Должен сразу сказать, что не рекорды нас манили, хотя во время этих опытов старые мировые достижения были превзойдены. Мы считаем, что очень важно вернуться живым из морской пучины; даже бесстрашный Диди знает чувство меры. Мы шли все дальше вглубь потому, что только так можно было исследовать глубинное опьянение и выяснить, какую работу позволяет выполнить акваланг на той или иной глубине. Каждый опыт тщательно готовился, аквалангисты погружались под строгим контролем, и мы получали абсолютно точные данные. Предварительные наблюдения позволили нам заключить, что предельная глубина для подводного пловца — триста футов, или пятьдесят саженей; между тем еще ни один пловец с автономным снаряжением не побил рекорд Дюма, равный двумстам десяти футам.
Глубину погружения измеряли канатом с борта «Эли Монье». Через каждые шестнадцать с половиной футов (пять метров) на канате были укреплены белые дощечки. Подводный пловец брал с собой химический карандаш, чтобы оставить свой автограф на дощечке, до которой доберется, и записать несколько слов о своих ощущениях.
Чтобы сберечь силы и воздух, аквалангист шел вниз без излишних движений, увлекаемый десятифунтовым балластом в виде железного лома. Замедлить спуск можно было притормозив рукой за канат. Достигнув намеченной или посильной для себя глубины, пловец расписывался, сбрасывал балласт и возвращался по тросу на поверхность. Чтобы избежать кессонной болезни, он делал короткие остановки на глубине двадцати и десяти футов, как этого требовала декомпрессия.

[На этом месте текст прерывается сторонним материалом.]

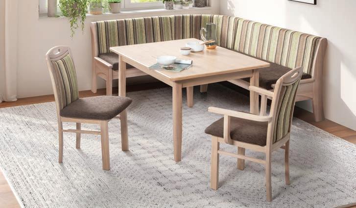 Eckbankgruppe, Wildeiche Bianco furniert/ lackiert, Bezug Cora uni/gestreift mit Schaumstoffpolsterung. 25060011/99 Eckbank mit Truhe, Schenkelmaß ca. 158x198 cm. 2275.- Esstisch, Wildeiche Bianco teilmassiv, ca. 90x130 cm. 875.- Stuhl, Gestell Eiche massiv. 375.- Armlehnstuhl, Gestell Eiche massiv. 475.-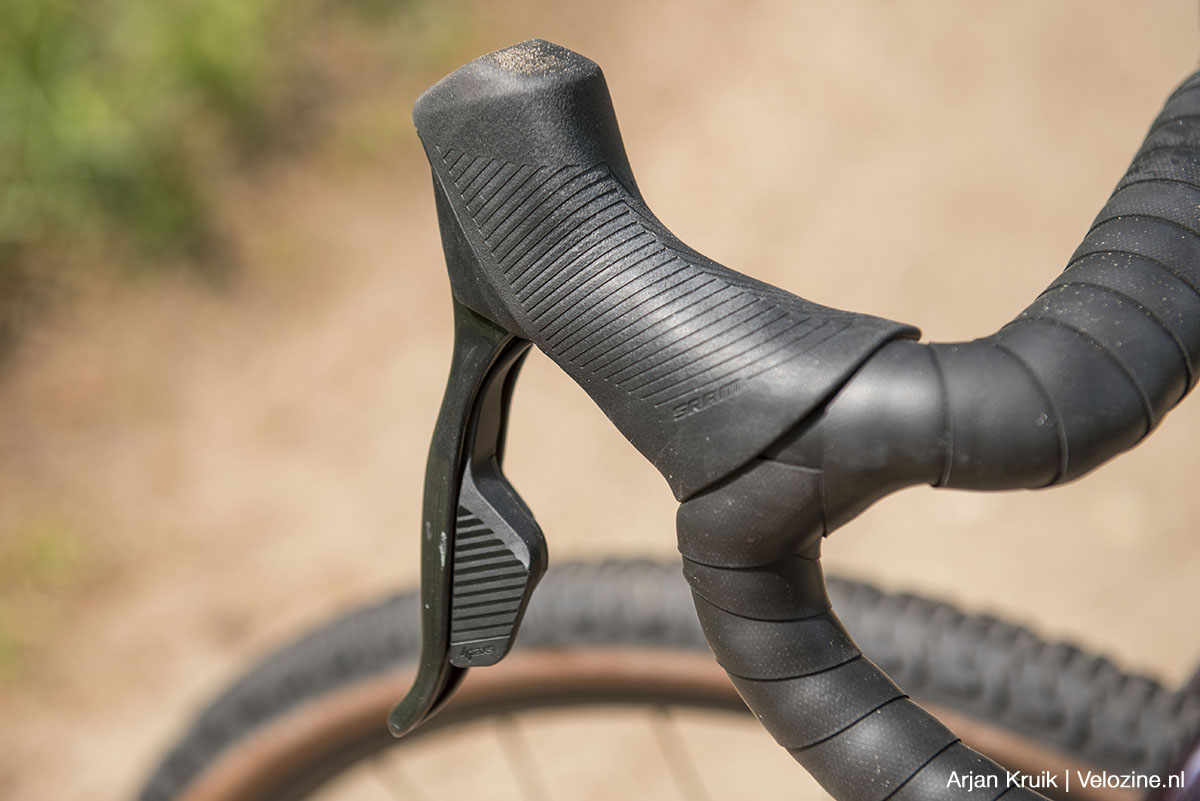 Ander puntje van aandacht: de vorm van de remhendels is niet mijn ding. Dat wil zeggen, met de handen bovenop de remgrepen. Ik vind de ergonomie minder prettig dan bij de evenknieën van Shimano. Met de handen onderin de beugels is de ergonomie overigens wel gewoon goed.

К началу опыта я пришел в отличной форме. Всю весну работал на море, и это было хорошей тренировкой; уши легко переносили давление.
Войдя в воду, я стал быстро спускаться, придерживаясь за канат правой рукой, сжимая балласт левой. В голове неприятно отдавался гул движка на «Эли Монье», снаружи ее сдавливал растущий столб воды. Был жаркий июльский полдень, но вокруг меня быстро темнело. Я скользил вниз в сумерках, наедине со светлым канатом, однообразие которого нарушалось только теряющимися вдали белыми дощечками.
На глубине двухсот футов я ощутил во рту металлический привкус сжатого азота. Глубинное опьянение поразило меня внезапно и сразу же очень сильно. Я сжал правую руку и остановился. Меня обуревало беспричинное веселье, все стало нипочем. Попробовал заставить мозг сосредоточиться на чем-нибудь реальном: скажем, определить цвет воды на этой глубине. Не то ультрамарин, не то аквамарин, не то берлинская лазурь… Отдаленный рокот не давал покоя, вырастая в оглушительный перестук, словно билось сердце вселенной.